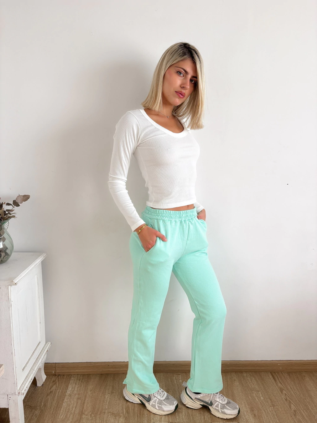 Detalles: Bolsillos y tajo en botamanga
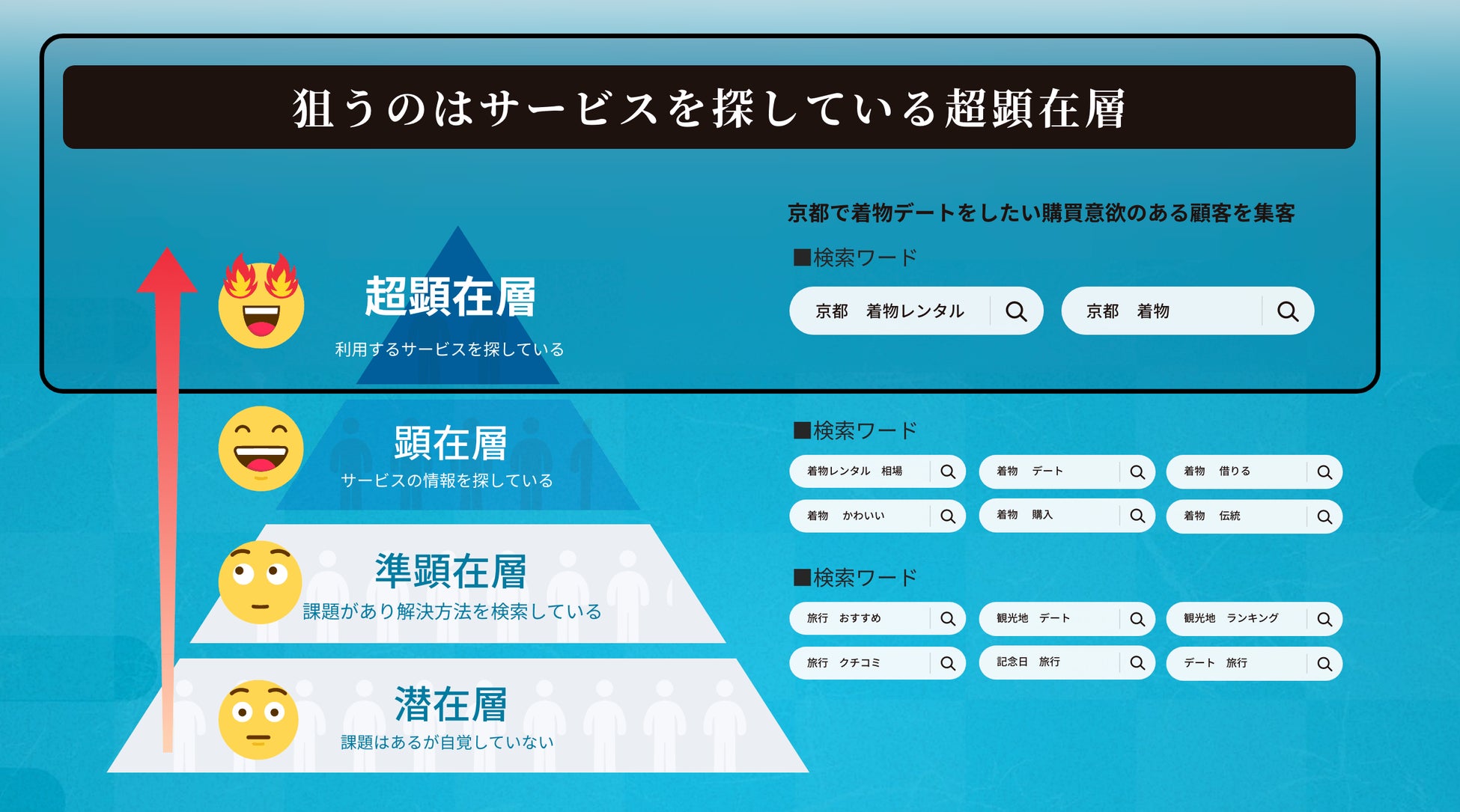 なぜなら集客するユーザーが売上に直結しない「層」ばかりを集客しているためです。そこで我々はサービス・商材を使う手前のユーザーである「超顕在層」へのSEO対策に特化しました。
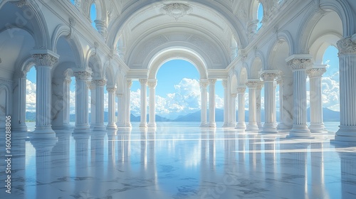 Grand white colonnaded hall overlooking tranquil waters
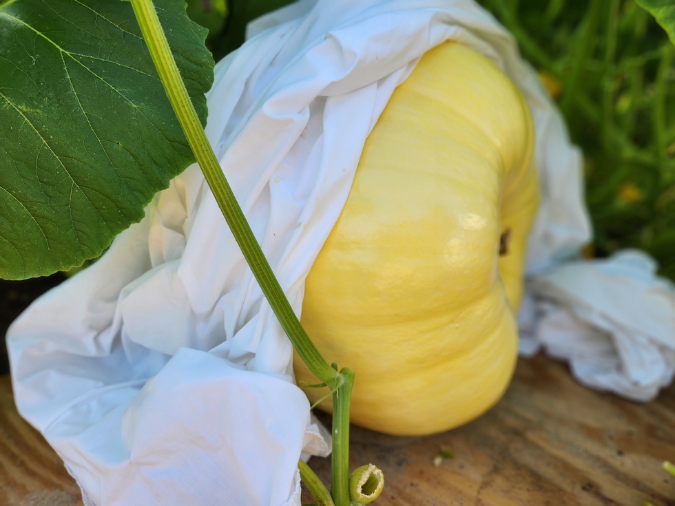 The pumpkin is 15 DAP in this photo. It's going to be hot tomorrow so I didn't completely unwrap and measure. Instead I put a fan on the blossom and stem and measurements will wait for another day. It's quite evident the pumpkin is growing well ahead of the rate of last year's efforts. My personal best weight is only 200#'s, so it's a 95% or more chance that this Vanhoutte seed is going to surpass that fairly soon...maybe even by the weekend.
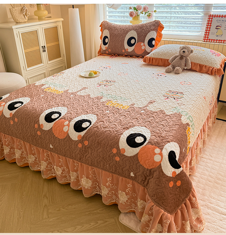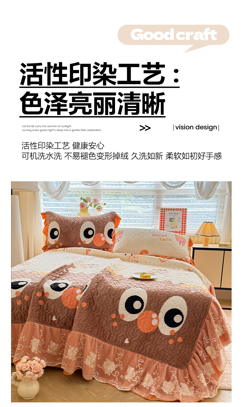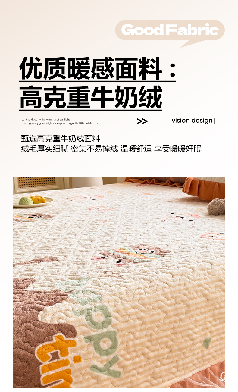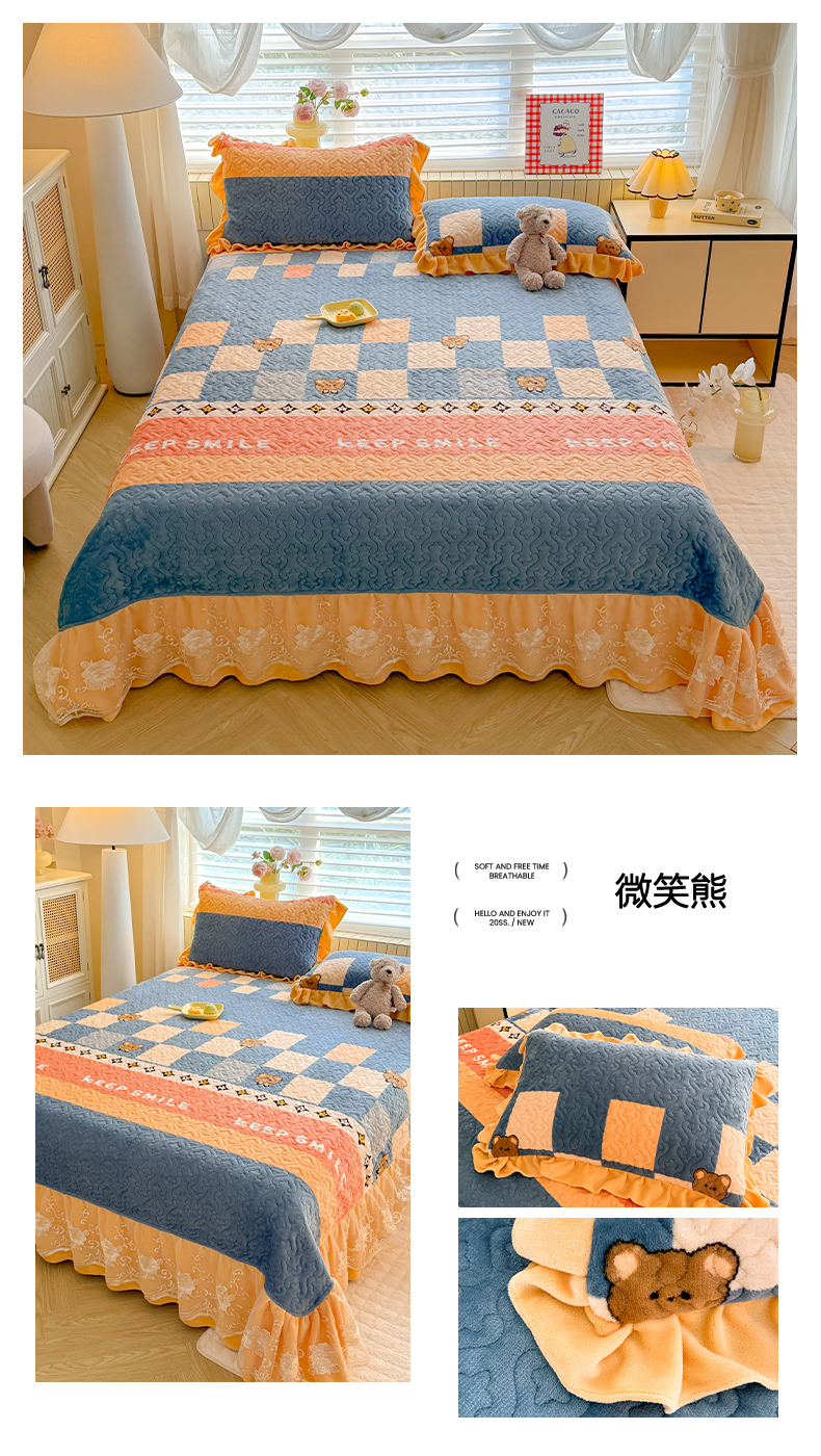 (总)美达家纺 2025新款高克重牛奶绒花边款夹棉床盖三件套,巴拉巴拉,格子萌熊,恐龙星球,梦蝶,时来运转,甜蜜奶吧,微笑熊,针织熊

● ● ● ●

■ **Exercise details**:
Please write out the lines above, beginning at the line with "なぜなら集客するユーザーが売" and ending at the last line of the records, exactly as they appear and without pictures.

■ **Solution for this task**:
 なぜなら集客するユーザーが売上に直結しない「層」ばかりを集客しているためです。そこで我々はサービス・商材を使う手前のユーザーである「超顕在層」へのSEO対策に特化しました。
 Grand white colonnaded hall overlooking tranquil waters
 The pumpkin is 15 DAP in this photo. It's going to be hot tomorrow so I didn't completely unwrap and measure. Instead I put a fan on the blossom and stem and measurements will wait for another day. It's quite evident the pumpkin is growing well ahead of the rate of last year's efforts. My personal best weight is only 200#'s, so it's a 95% or more chance that this Vanhoutte seed is going to surpass that fairly soon...maybe even by the weekend.
 (总)美达家纺 2025新款高克重牛奶绒花边款夹棉床盖三件套,巴拉巴拉,格子萌熊,恐龙星球,梦蝶,时来运转,甜蜜奶吧,微笑熊,针织熊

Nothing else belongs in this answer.